═══ Data shown

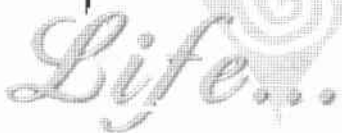
附錄：高雄高工生命教育發展圖
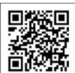
▲月形グラフィティ紹介ページ

農業を通して、ベルデくんと町のことが大好きな人々との掛け合いで心がほっこりするお話をお届けしています。
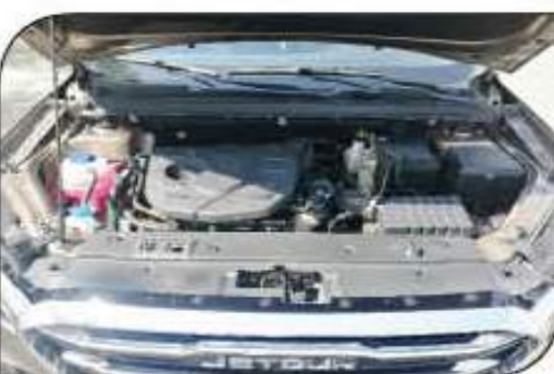
محرك اقتصادي عالي الأداء 1.6 لتر - تيربو
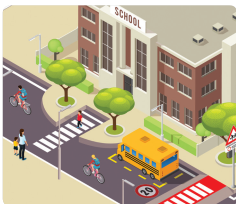
Zona scolastica Scheda 5
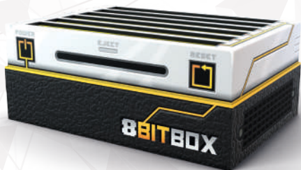
1 игровая приставка

══════

*Aim of the exercise*. Return the records above exactly as written, but without any of the pictures.

*Solution for this problem*.
附錄：高雄高工生命教育發展圖
▲月形グラフィティ紹介ページ

農業を通して、ベルデくんと町のことが大好きな人々との掛け合いで心がほっこりするお話をお届けしています。
محرك اقتصادي عالي الأداء 1.6 لتر - تيربو
Zona scolastica Scheda 5
1 игровая приставка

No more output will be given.